This is the multi-page printable view of this section. Click here to print.

Return to the regular view of this page.

Advanced

1 - Cleanup of Shoot Clusters in Deletion

Cleanup of Shoot Clusters in Deletion

When a shoot cluster is deleted then Gardener tries to gracefully remove most of the Kubernetes resources inside the cluster. This is to prevent that any infrastructure or other artifacts remain after the shoot deletion.

The cleanup is performed in four steps. Some resources are deleted with a grace period, and all resources are forcefully deleted (by removing blocking finalizers) after some time to not block the cluster deletion entirely.

Cleanup steps:

  1. All ValidatingWebhookConfigurations and MutatingWebhookConfigurations are deleted with a 5m grace period. Forceful finalization happens after 5m.
  2. All APIServices and CustomResourceDefinitions are deleted with a 5m grace period. Forceful finalization happens after 1h.
  3. All CronJobs, DaemonSets, Deployments, Ingresss, Jobs, Pods, ReplicaSets, ReplicationControllers, Services, StatefulSets, PersistentVolumeClaims are deleted with a 5m grace period. Forceful finalization happens after 5m.

    If the Shoot is annotated with shoot.gardener.cloud/skip-cleanup=true, then only Services and PersistentVolumeClaims are considered.

  4. All VolumeSnapshots and VolumeSnapshotContents are deleted with a 5m grace period.
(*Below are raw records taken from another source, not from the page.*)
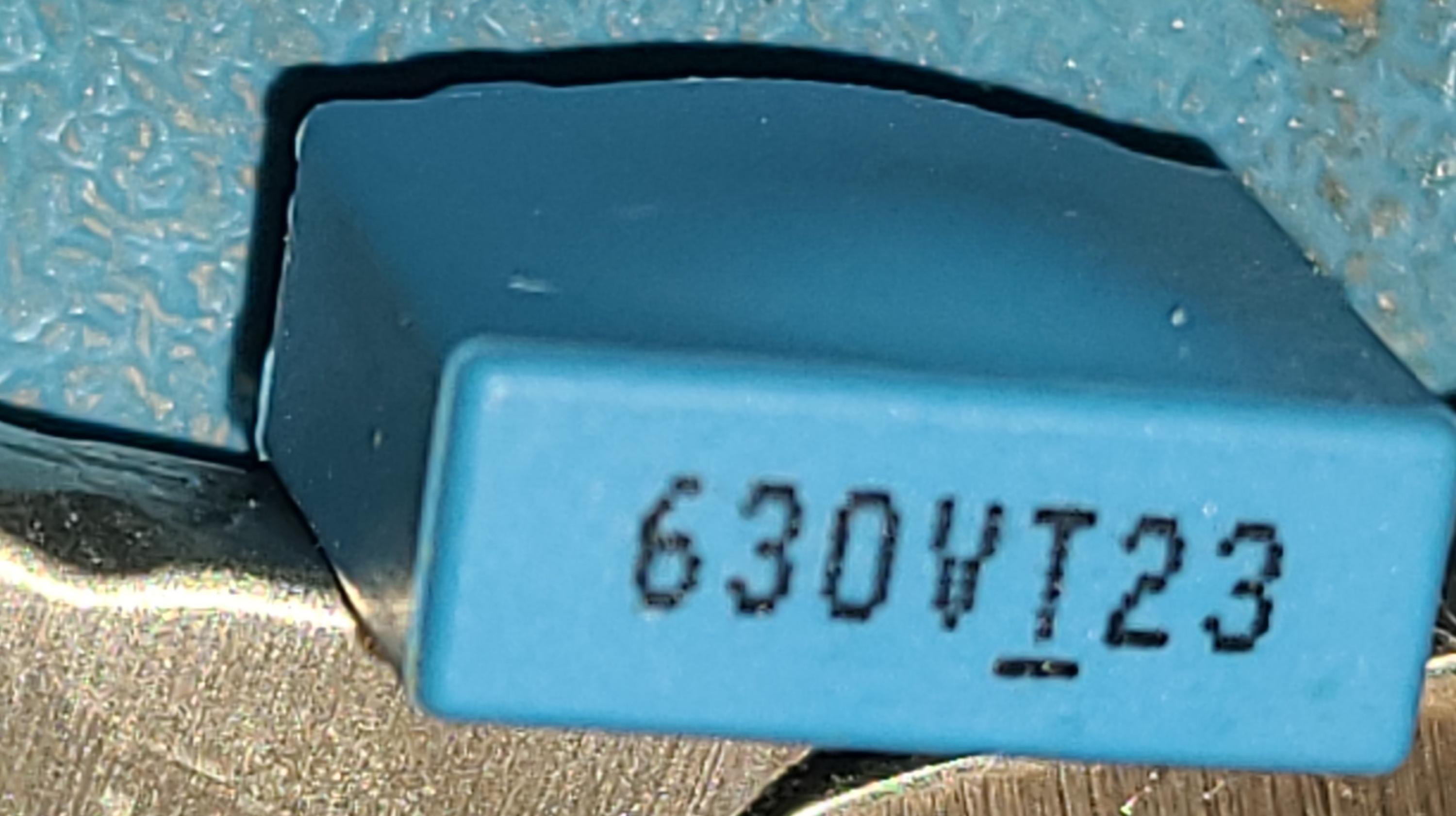 The only thing that I could find suspicious about the board, is this 630V Cap that is swollen and the epoxy cracked as shown in photos. It's not shorted, and it has about 2.2 nF measured capacitance. Any idea where I can get a replacement if you think it might be the culprit?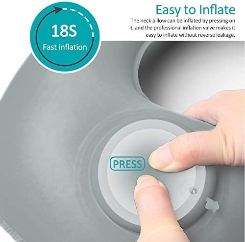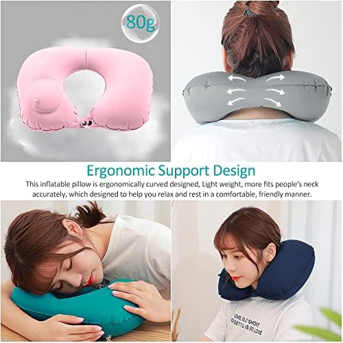 šćErgonomic Support Designć This inflatable travel pillow is ergonomically curved designed, more fits people’s neck accurately, which designed to help you relax and rest in a comfortable, friendly manner. Adjustable inflation level and softness, this travel neck pillow is suitable for any size of head, just adjust the size to your favorite inflation level and hardness, ergonomic design and contour It can support your head and neck. Make sure you feel comfortable during the journey.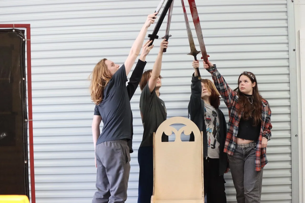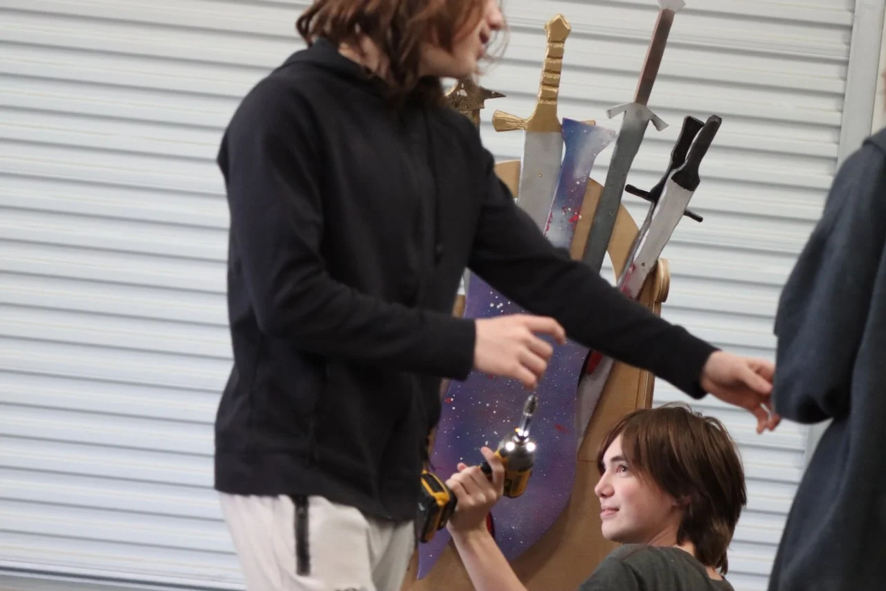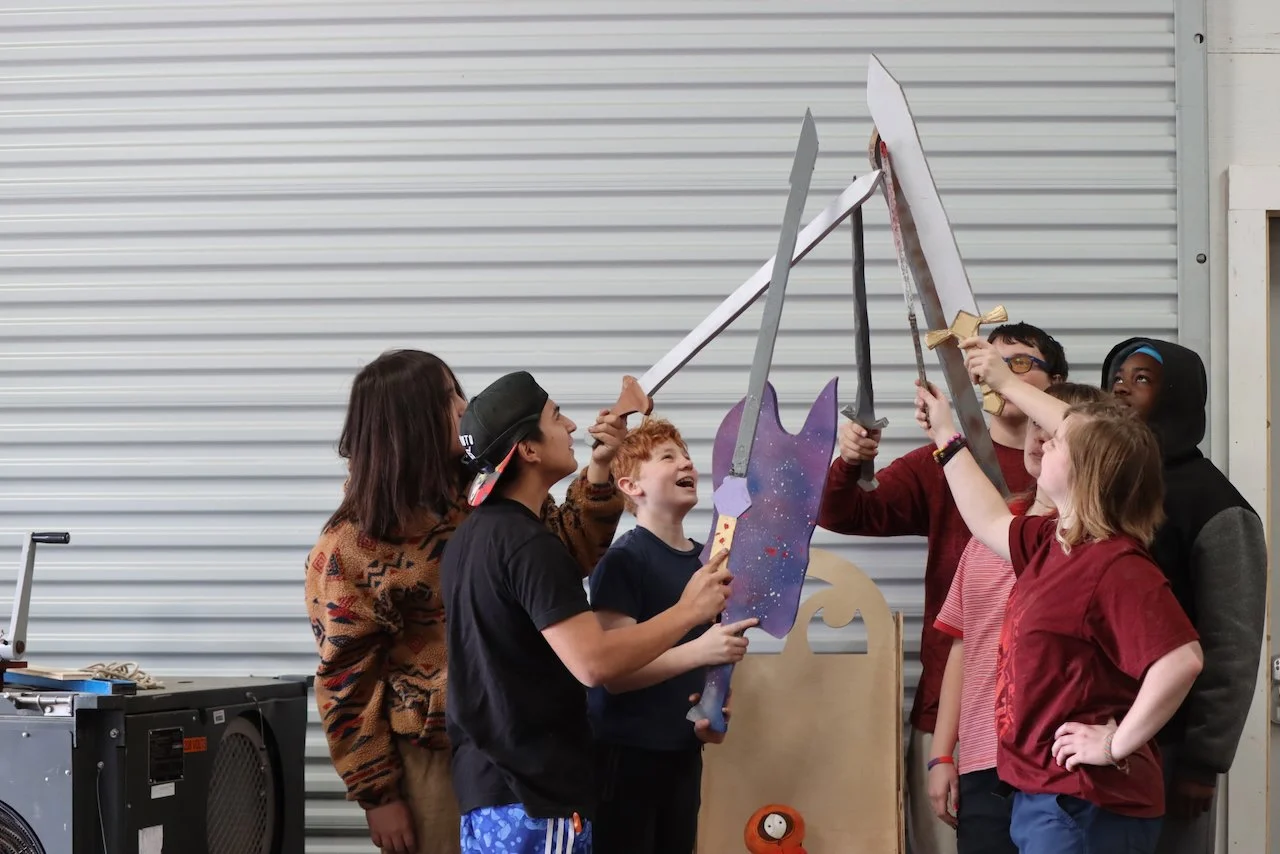 Then we CNC-cut the full-size throne, hand-built custom swords in the woodshop, assembled everything, and installed it at their school. It's still there.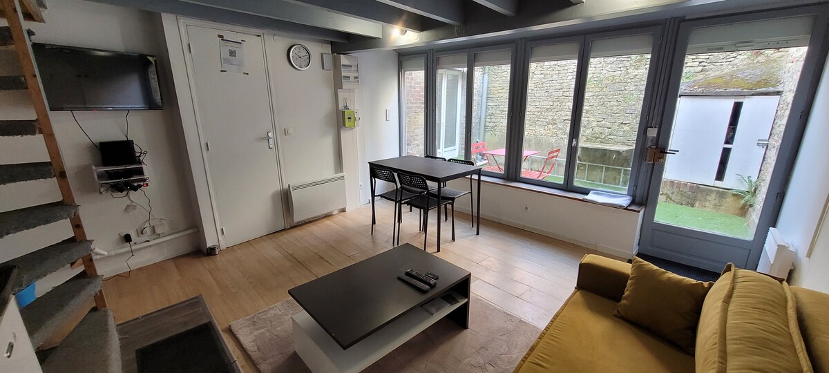 Чарівний будинок на 6 осіб, тихий з прекрасним видом на замок, прямо в центрі міста, всі магазини та ресторани пішки (Intermarché boulangeries тощо) Зручний, яскравий, теплий . Легка та безкоштовна парковка поблизу, включаючи великі транспортні засоби (без приватної парковки). 2 спальні з двоспальними ліжками 160x200 та 1 спальня, 2 односпальні ліжка 90x190. Постільна білизна та постільна білизна для ванної кімнати нада Дві ванні кімнати з трьома ванними кімнатами. Wi-Fi і телевізор із підключенням Freebox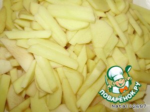 Очищенный от кожуры картофель нарезать небольшой соломкой.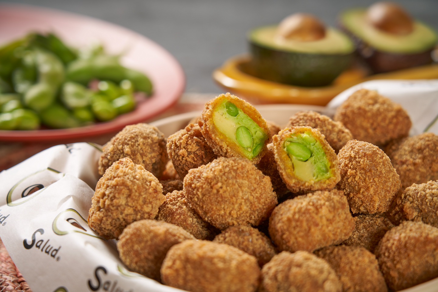 Herkullinen yhdistelmä avokadoa ja edamame-papuja rapeassa katsu-currykuorrutteessa. Yhden palan paino keskimäärin 15g.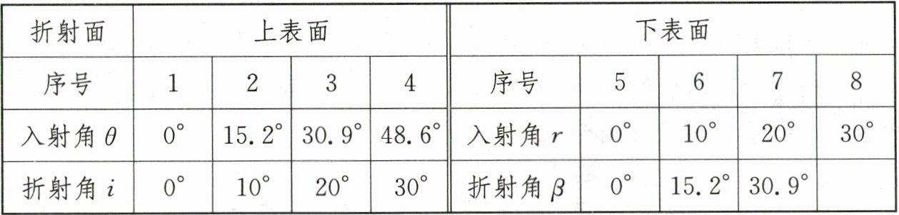 (3)实验过程中,小明多次改变入射角θ,并使每次的入射点始终为 O 点,标记出对应的从下表面射出的 O'点,并在白纸上连接对应的 OO',然后测出从空气射入上表面的入射角θ和折射角 i,从玻璃下表面射入空气的入射角 r 和折射角β.如表所示是记录的实验数据.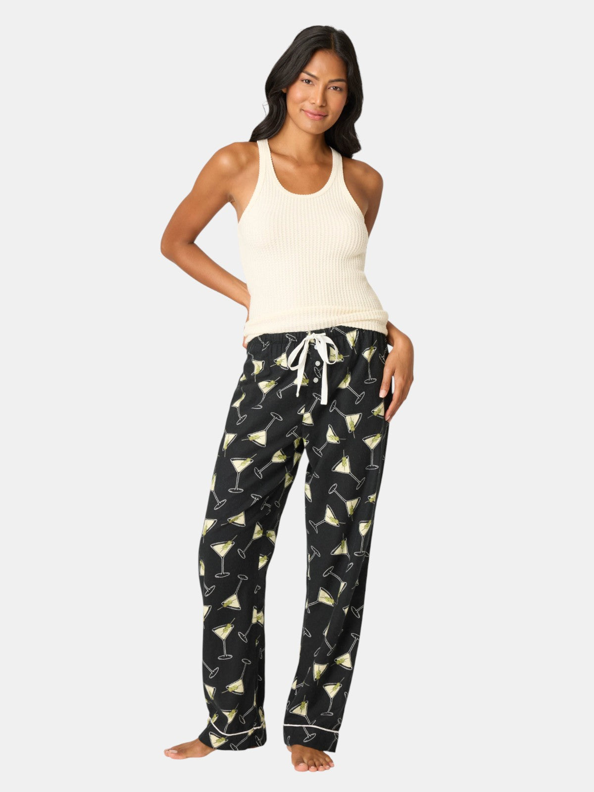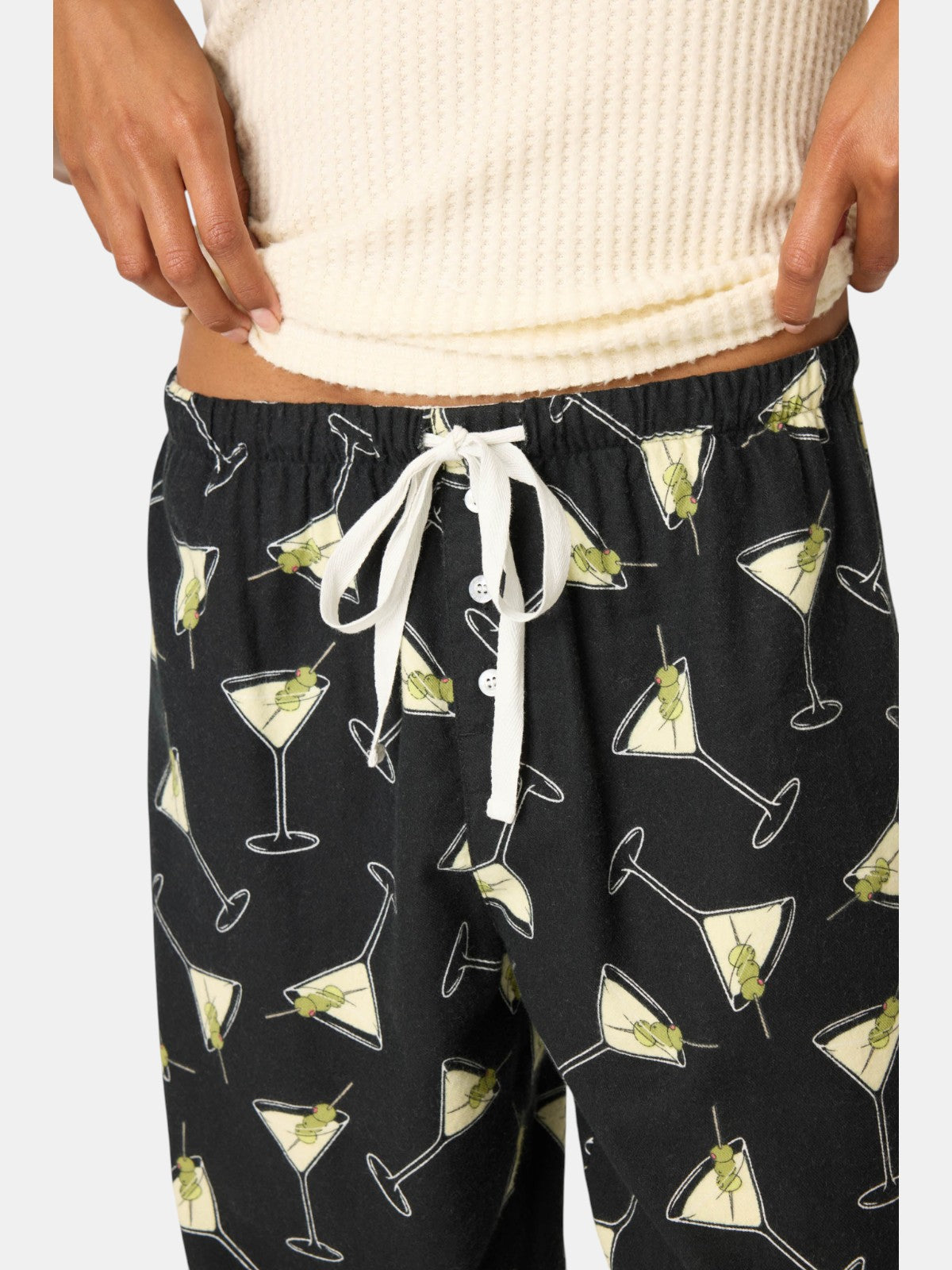 The Merrier With A Martini Flannel Pants are cozy, spirited, and designed with a Holiday touch. Made from soft cotton twill in a festive martini glass print, they feature a relaxed fit with an adjustable drawstring waist and an allover martini glass print.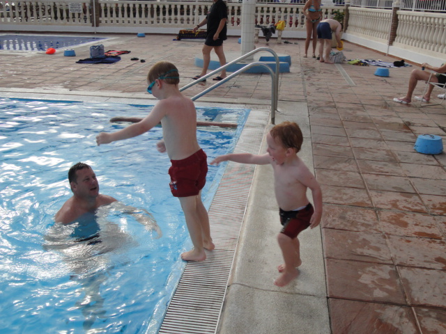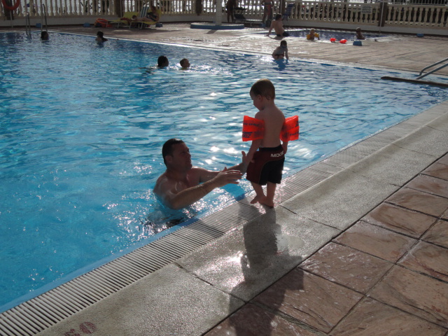 James having his first swim... with arm-bands |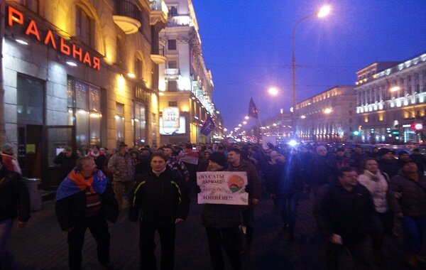 Пройдясь маршем по центру Минска, колонна протестующих прибыла к зданию Министерства по налогам и сборам. Активисты выражают свое недовольство введенного белорусскими властям налога на безработицу, требуя его отмены. Собравшиеся у здания ведомства протестующие также выкрикивали антипрезидентские лозунги, требуя сложения полномочий от президента Александра Лукашенко, называя его "усатым дармоедом".

Forceful finalization happens after 1h.

It is possible to override the finalization grace periods via annotations on the Shoot:

  • shoot.gardener.cloud/cleanup-webhooks-finalize-grace-period-seconds (for the resources handled in step 1)
  • shoot.gardener.cloud/cleanup-extended-apis-finalize-grace-period-seconds (for the resources handled in step 2)
  • shoot.gardener.cloud/cleanup-kubernetes-resources-finalize-grace-period-seconds (for the resources handled in step 3)

⚠️ If "0" is provided, then all resources are finalized immediately without waiting for any graceful deletion. Please be aware that this might lead to orphaned infrastructure artifacts.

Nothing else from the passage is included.